Starting at the first line of the data, print every line up to and including the one with "Sonerai Racer Engine Cover", but no pictures.

**DATA LISTING:**
# # # # #
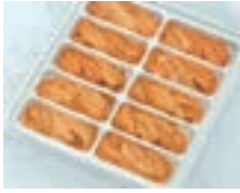
F-UNI UNI SEA URCHIN ROE 1TRAY, NA
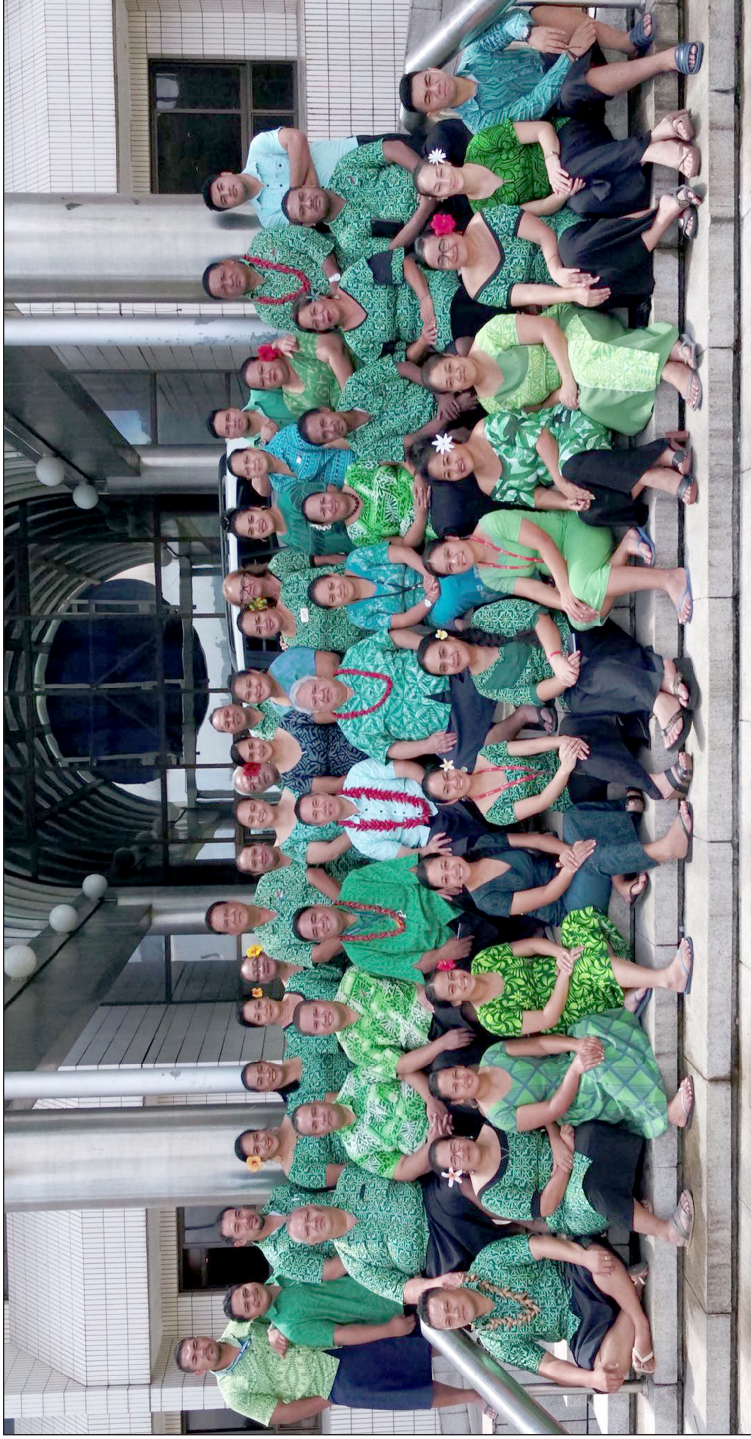
Alofa'aga ma Faamanuiaga: Pulega & Aufaigaluega - Matagaluega a le Palemia ma le Kapeneta
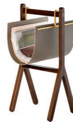
Ren side table from STUDIO ITALIA.
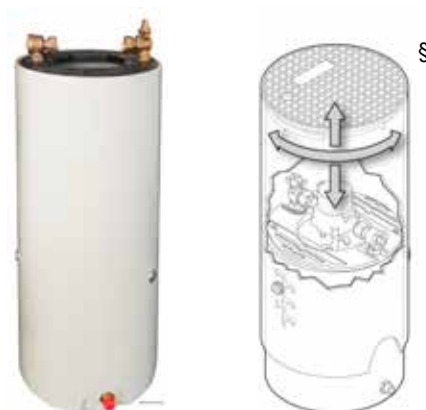
Adjusta-Coil™ PVC Meter Box

PVC meter boxes & vaults from Mueller Canada offer strength and light-weight construction, for shipping and handling convenience. They come fully assembled and factory tested. Many styles are available for single and tandem installations, as well as protection against extreme cold weather. Choice of iron or composite plastic lids, which allow radio AMR monitoring and are virtually transparent to R.F. signals. Bury depths: 10" to 120". Meter box sizes: 15" to 36" diameters.
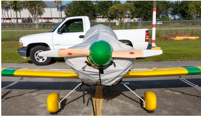
Sonerai Racer Engine Cover

The material is very reflective, and tests show that the cabin interior temperature can be reduced to near-ambient temperature on the hottest of days. It is water, ice and snow repellent, yet breathable to allow moisture to escape from between the cover and the aircraft surface.
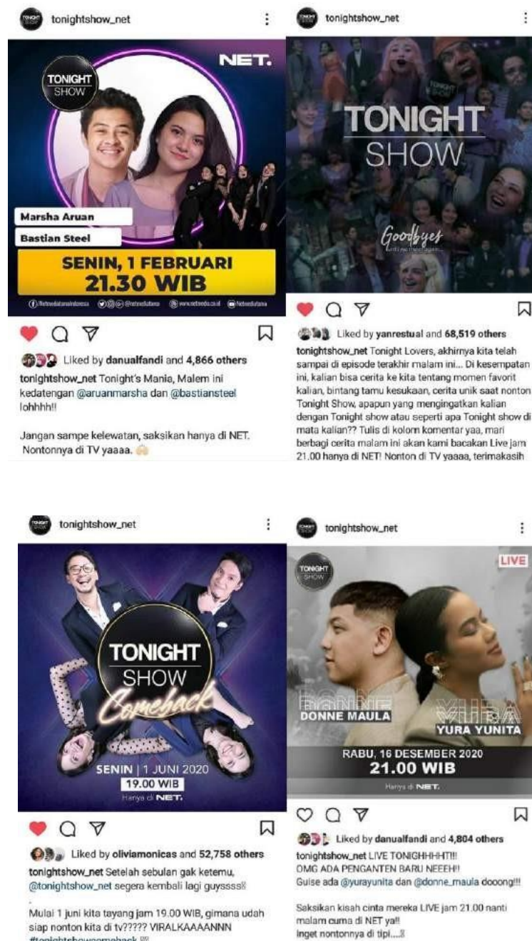
Figure 1.2 “Watch on tv” Campaign Content on Instagram

With the rise of media convergence from television to YouTube, NET finally made peace with the situation by maximizing the use of YouTube social media to broadcast their programs live to maintain their existence. Previously, NET TV used the live streaming feature of all its program on the YouTube platform. However, entering 2021, this feature had begun to be reduced in access, as before, if viewers missed the broadcast time of a program, they could withdraw the program from showing until they reached the
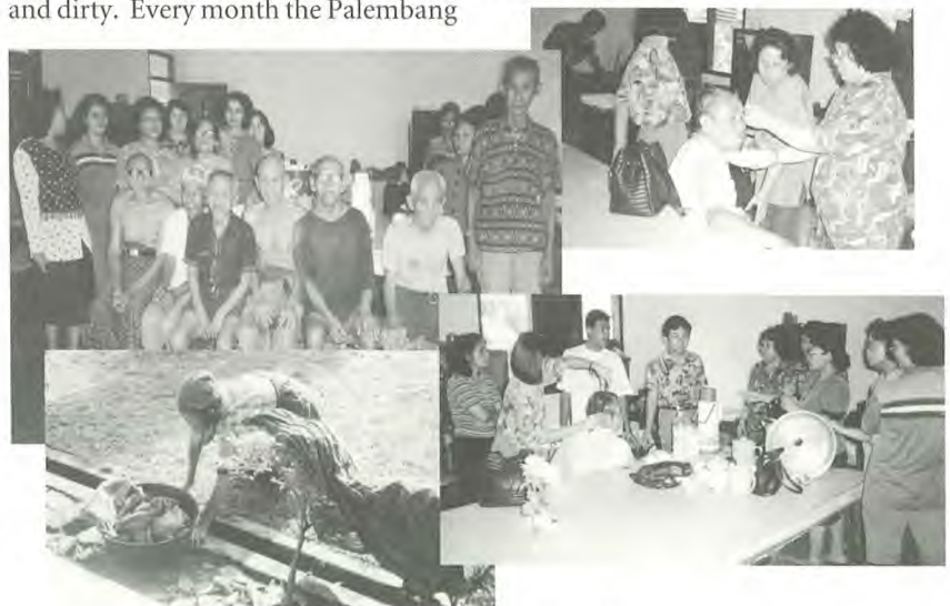
Shepherdesses of South Sumatera and the elderly they serve.

The Palembang Chapter Shepherdesses also conduct cooking classes followed by evangelistic crusades. This year they have baptized 141 precious souls. Praise the Lord!
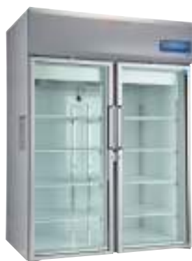
Thermo Scientific™ TSX 1447 liter Refrigerator
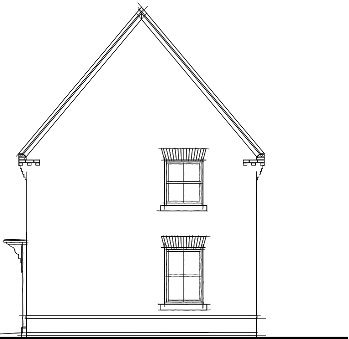
SIDE ELEVATION P341--D5
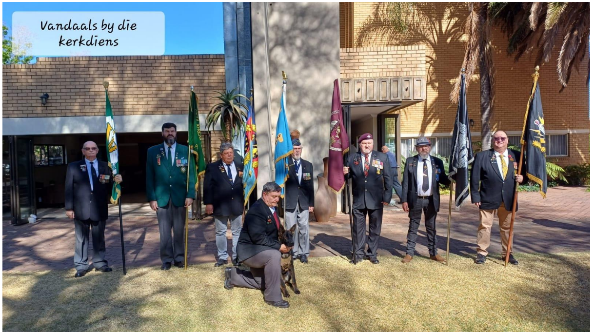
Scenes from the Annual International Day of Peace Church Service held at the NG Kerk Raslow in Centurion.
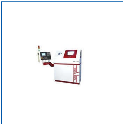
FANUC CNC LATHE TRAINER MACHINE

01_SCR-01 Educational Robot, 01_University Educational Robot, 02_SCR-01 Educational Robot, 02_University Educational Robot, 03_University Educational Robot, 6 Axis Educational Robot Trainer Machine, 6 Axis Educational Robot Trainer Machine For Engineering, 6 Axis Tutor Educational Robot Trainer Machine, Advanced Modular Manufacturing Set, Automatic CNC Lathe Trainer Machine for Engineering colleges, etc.
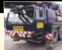
Liebherr LTM 1090/2 Year 1997. Capacity 90 tonne. All Terrain.
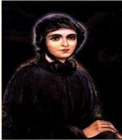
Elizabeth Ann Seton
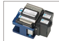
Table-top cleaver FC-6 / FC-6R series
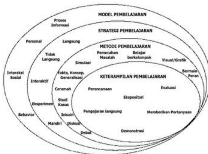
Figure 1. Position of Model in Learning (Tatik Suryani, & Endang Mastuti Rahayu, 2018 PKT Module 04)

Learning is an activity or action taken by someone to someone, so that learning occurs within the individual. In short, it can be said that learning is a way or method used to teach someone. In short, learning is the process of learning people. The process of interaction between students and educators and learning resources in a learning environment is learning. Learning is assistance provided by educators so that the process of acquiring knowledge, mastering skills and character, and forming attitudes and beliefs in students can occur. In other words, learning is a process to help students learn well. (Ahdar Jamaluddin and Wardana, 2019)
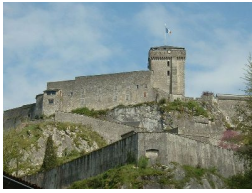
Castle fort of Lourdes

Historic Buildings and Monuments, Visitor Centres and Museums
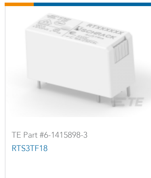
TE Part #6-1415898-3 RTS3TF18
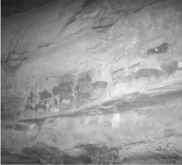
Elements of the San culture are revealed in secretive cave shelters in the Drakensbergs (South Africa), and must be carefully and sensitively interpreted to visitors.

The interpretation of sacred sites must be done with particular sensitivity. For many of the world's people, religions are based on nature gods and goddesses that provide an overriding system of order – a cosmos – which includes all environments from mountains to the seas; “spirituality” is considered to be inherent in all natural things. Such a comprehensive approach to sacred values may provide a broad framework for giving special protection to very many specific elements of the MtPA.
# # # # #
**TASK SOLUTION:**
F-UNI UNI SEA URCHIN ROE 1TRAY, NA
Alofa'aga ma Faamanuiaga: Pulega & Aufaigaluega - Matagaluega a le Palemia ma le Kapeneta
Ren side table from STUDIO ITALIA.
Adjusta-Coil™ PVC Meter Box

PVC meter boxes & vaults from Mueller Canada offer strength and light-weight construction, for shipping and handling convenience. They come fully assembled and factory tested. Many styles are available for single and tandem installations, as well as protection against extreme cold weather. Choice of iron or composite plastic lids, which allow radio AMR monitoring and are virtually transparent to R.F. signals. Bury depths: 10" to 120". Meter box sizes: 15" to 36" diameters.
Sonerai Racer Engine Cover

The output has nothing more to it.